*Problem requirements*.
Skip the pictures and copy all the data that follows exactly.

*Dataset excerpt*.
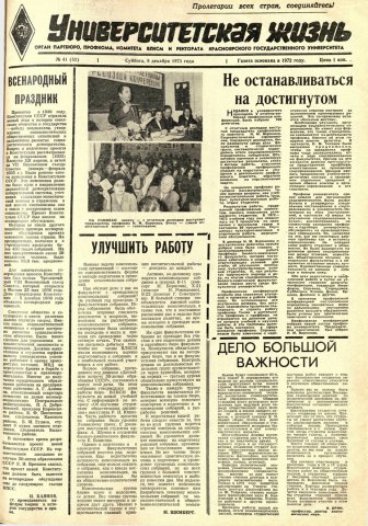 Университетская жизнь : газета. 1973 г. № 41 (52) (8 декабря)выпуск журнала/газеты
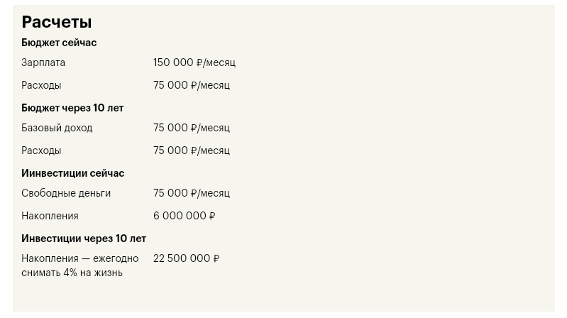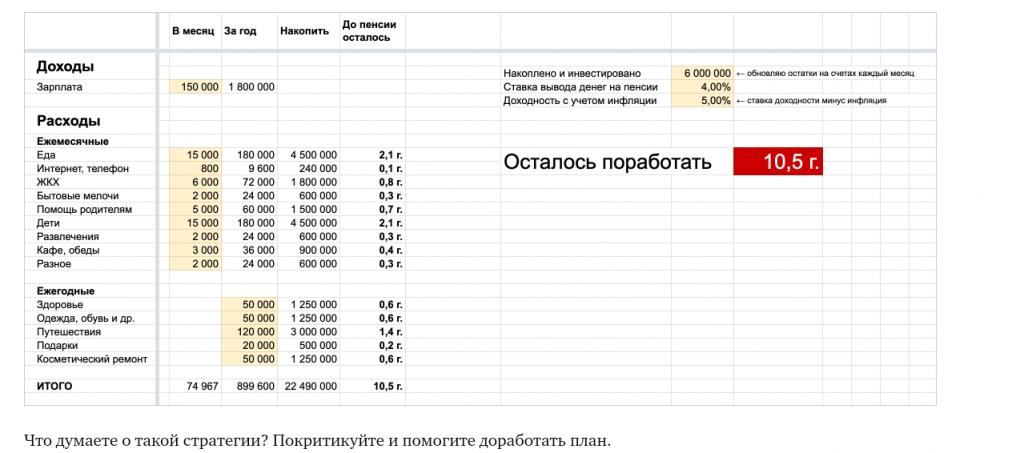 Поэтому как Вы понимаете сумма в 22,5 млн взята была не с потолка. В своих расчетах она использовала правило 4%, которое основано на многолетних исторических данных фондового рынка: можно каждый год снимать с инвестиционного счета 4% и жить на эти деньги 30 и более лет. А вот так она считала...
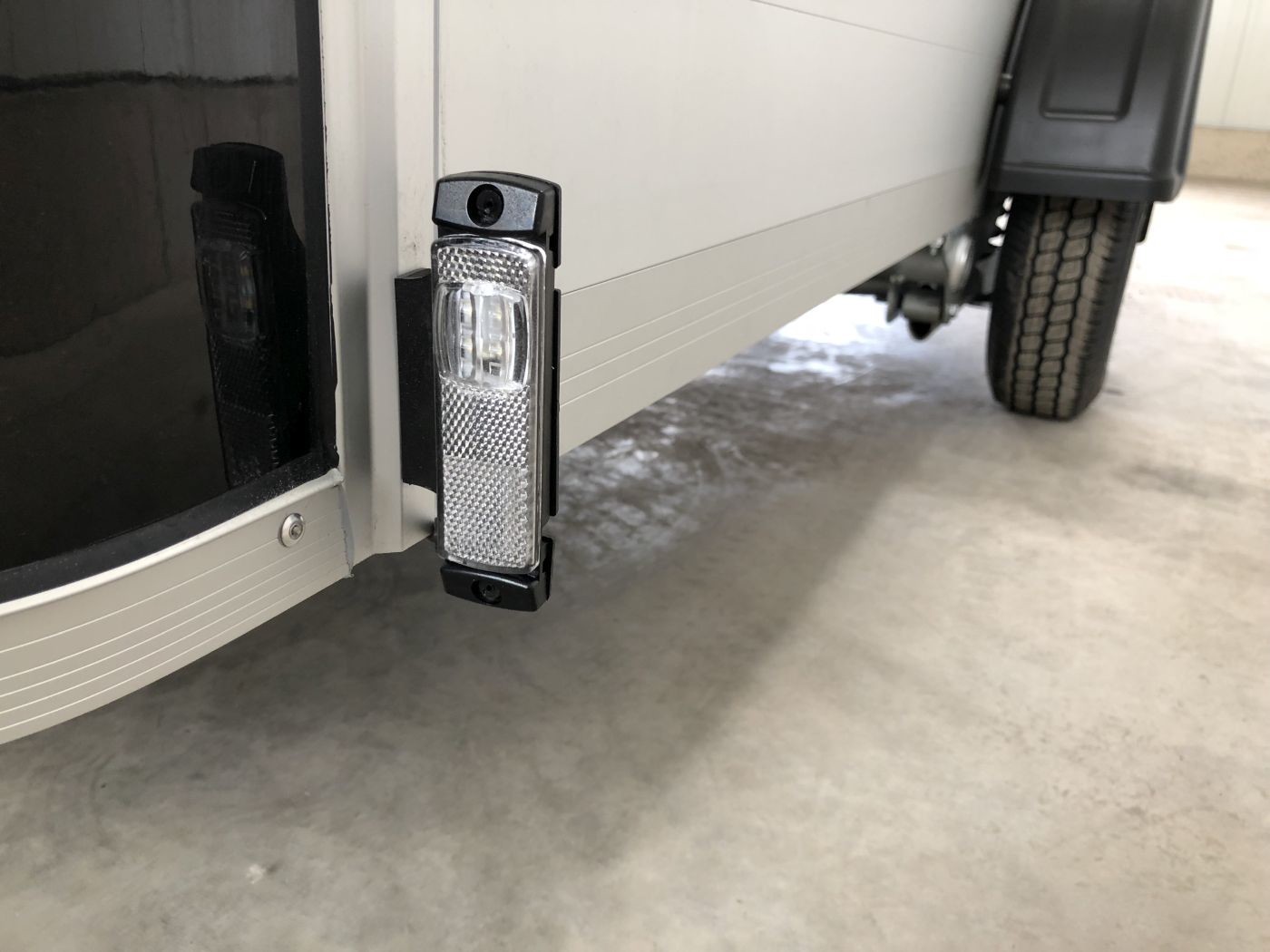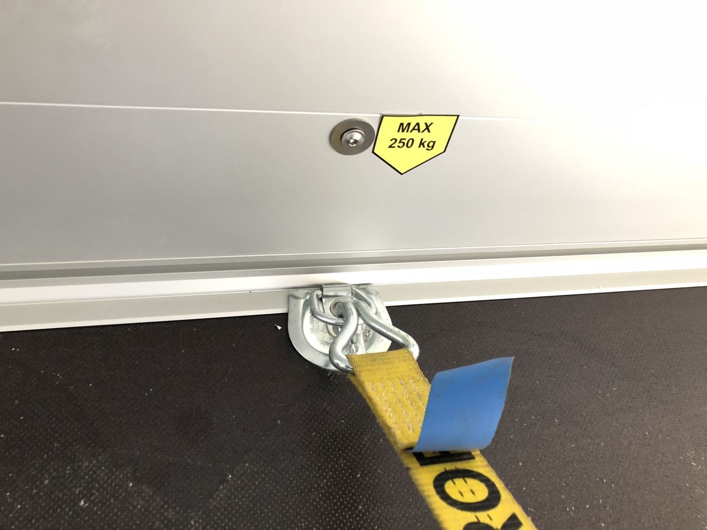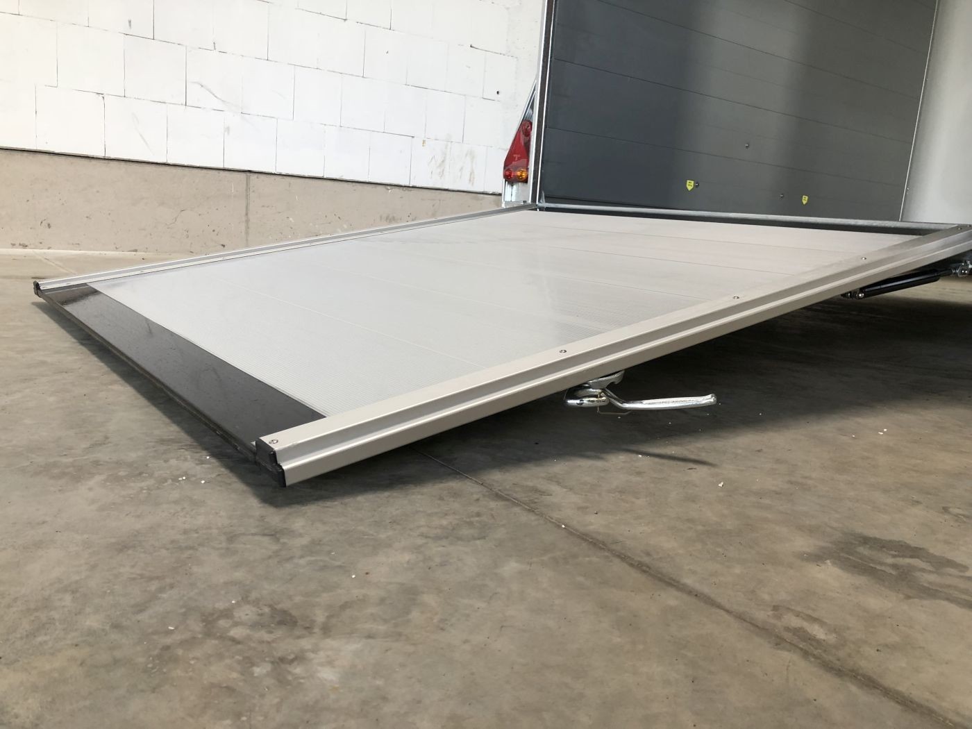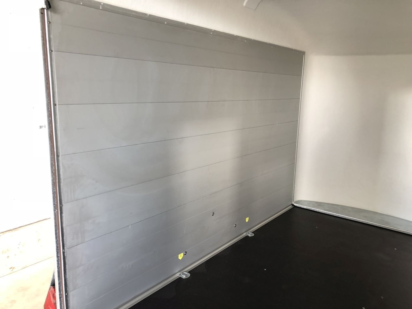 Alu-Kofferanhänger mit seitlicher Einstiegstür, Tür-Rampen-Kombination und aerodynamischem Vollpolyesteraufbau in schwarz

*Solution for this exercise*.
 Университетская жизнь : газета. 1973 г. № 41 (52) (8 декабря)выпуск журнала/газеты
 Поэтому как Вы понимаете сумма в 22,5 млн взята была не с потолка. В своих расчетах она использовала правило 4%, которое основано на многолетних исторических данных фондового рынка: можно каждый год снимать с инвестиционного счета 4% и жить на эти деньги 30 и более лет. А вот так она считала...
 Alu-Kofferanhänger mit seitlicher Einstiegstür, Tür-Rampen-Kombination und aerodynamischem Vollpolyesteraufbau in schwarz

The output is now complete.